Emra Grid – Shay’s Vacation House (Opal Tapes)


Enigmatic dark ambient producer Emra Grid first emerged last year with his / her highly acclaimed debut album ‘The Same Face’ on cassette, and a swift year on, this follow-up collection ‘Shay’s Vacation House’ arrives on 12” vinyl from Opal Tapes. Given the spooky sleeve art, it seems particularly fitting that this album is getting released on Halloween, but while the fanged ghoul sketch on the cover might suggest the more cartoon-y side of horror, the eight tracks here see Emra Grid building a deep and immersive sense of suspense without ever resorting to sensationalism or gimmicks.

What’s particularly surprising about this album is just how easy it is to listen to, even as it charts stygian depths and what often sounds like the cold blackness of space. Indeed, opening track ‘Land Is’ gently coaxes the listener in as melancholic melodic chords drift against a background sweep of percussion and droning harmonies, the sense of slow motion disrupted occasionally by digital crackles as what sounds like distant orchestration bleeds into the foreground. Whilst definitely eerie, it’s a comparatively gentle start before ‘Replaced’ leads things further down into the dim depths, sending digital bass pulses murmuring back forth against what sounds like distorted rushes of air, the bass pressure of the rumbling electronics almost creating a sense of tonal massage as distorted industrial textures get digitally stretched against ominous ringing harmonics and insectoid flutters.

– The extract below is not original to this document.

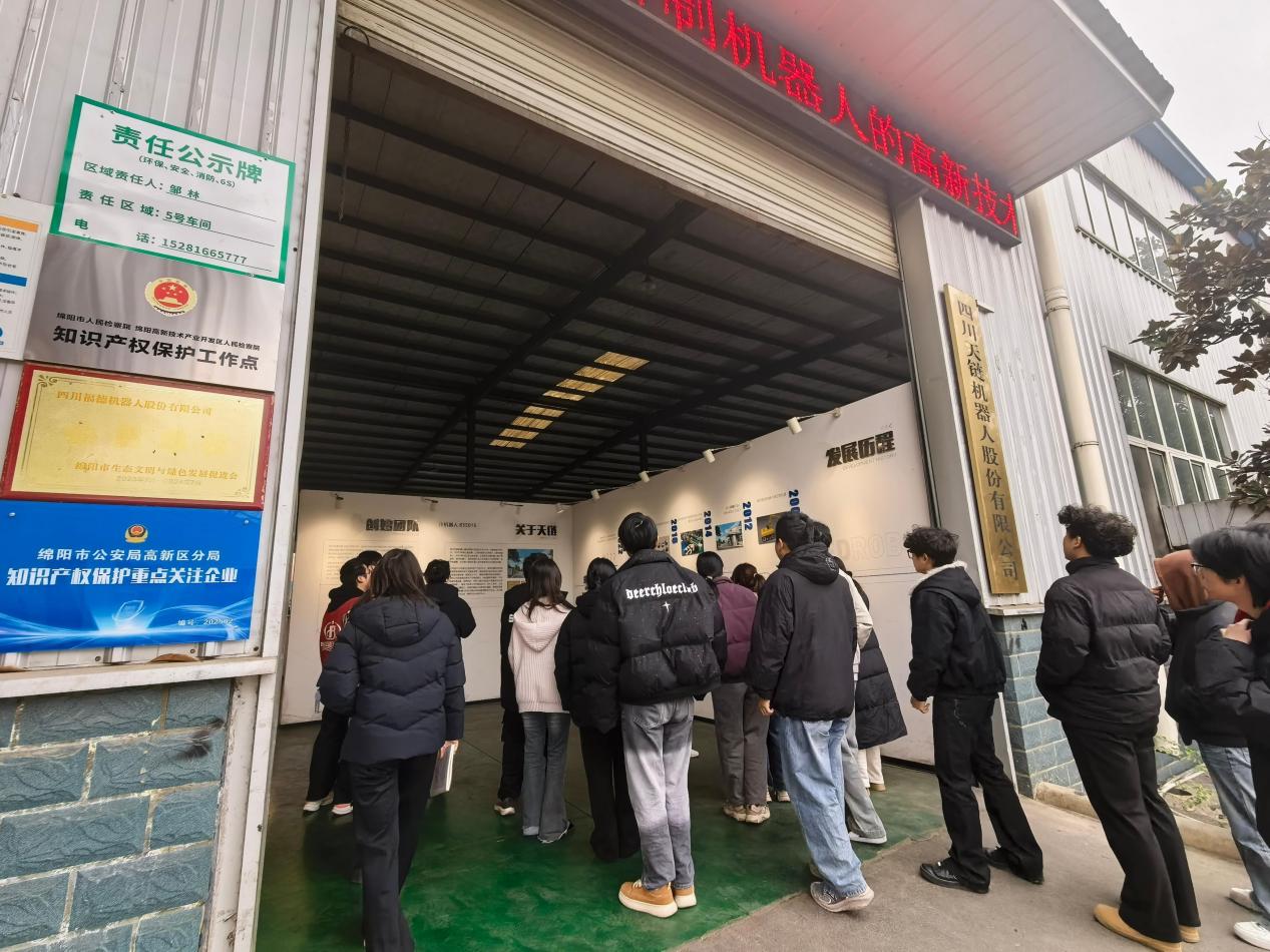 为推动产教融合落地,让专业学习与产业实践深度接轨,12月26日,智能科技学院2025级创新班机器人工程专业的同学走进四川天链机器人股份有限公司开展参观学习活动。同学们循着企业技术发展脉络,从发展历程到核心技术,从零部件研发到整机装配,全方位沉浸式感受机器人产业的创新活力与工业魅力。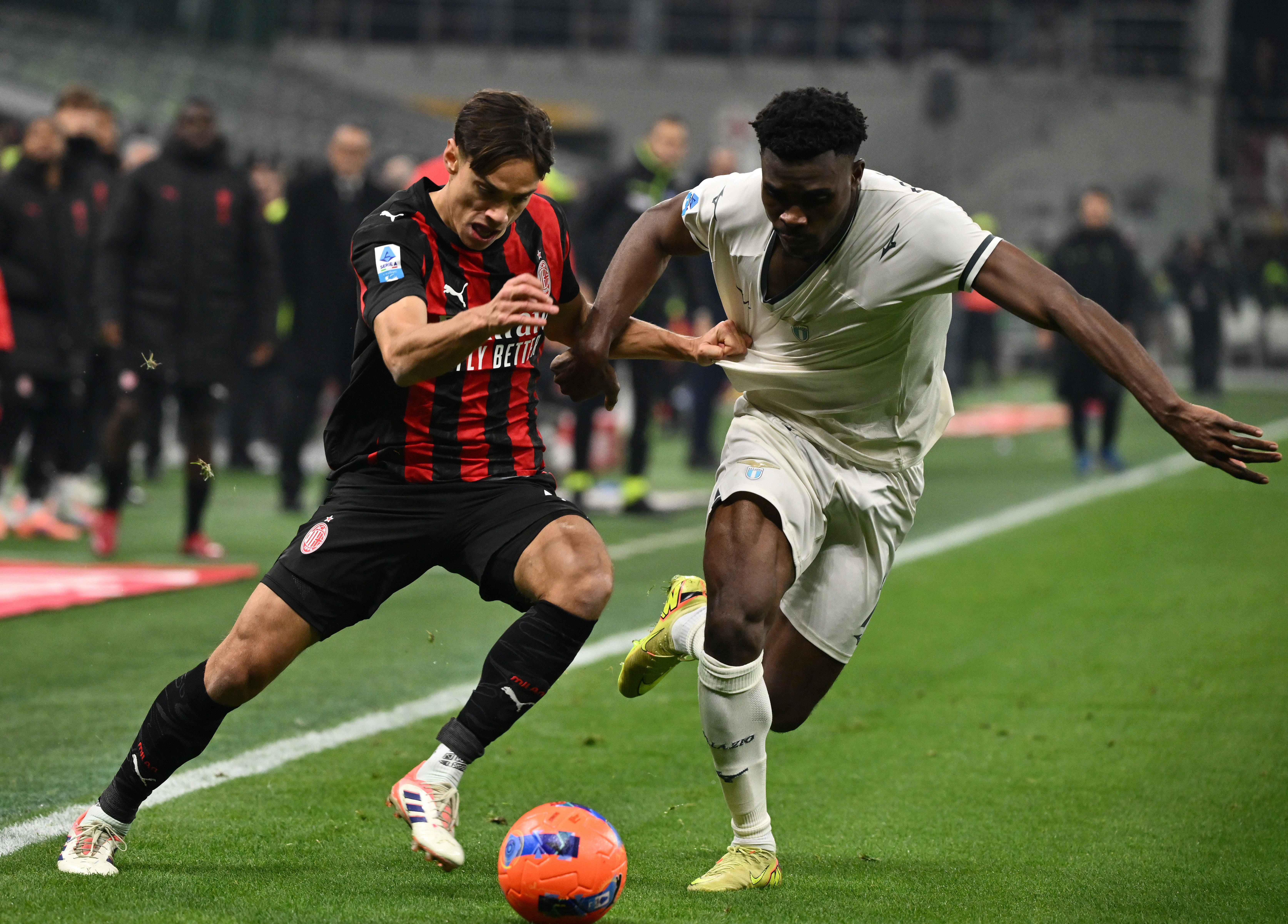 11月29日,AC米兰队球员里奇(左)与拉齐奥队球员巴希鲁在比赛中拼抢。虎扑体育发(阿尔贝托·林格利亚摄)

There’s a strong kinship to be found with the likes of Coil here, with ‘Departure’ conjuring up an atmosphere of cold malevolence as background electronics play out a slow rhythmic pulse against gradually building layers of buzzing noise, sudden reverb-treated noises disrupting the sense of oceanic drift as they arc through the stereo spectrum against fuzzed-out metallic scrapes. As with all of the best dark ambient scores, there’s a constant sense of the threat lurking just slightly out of reach in the darkness, and one of Emra Grid’s greatest tricks here is that we never quite get to see its face.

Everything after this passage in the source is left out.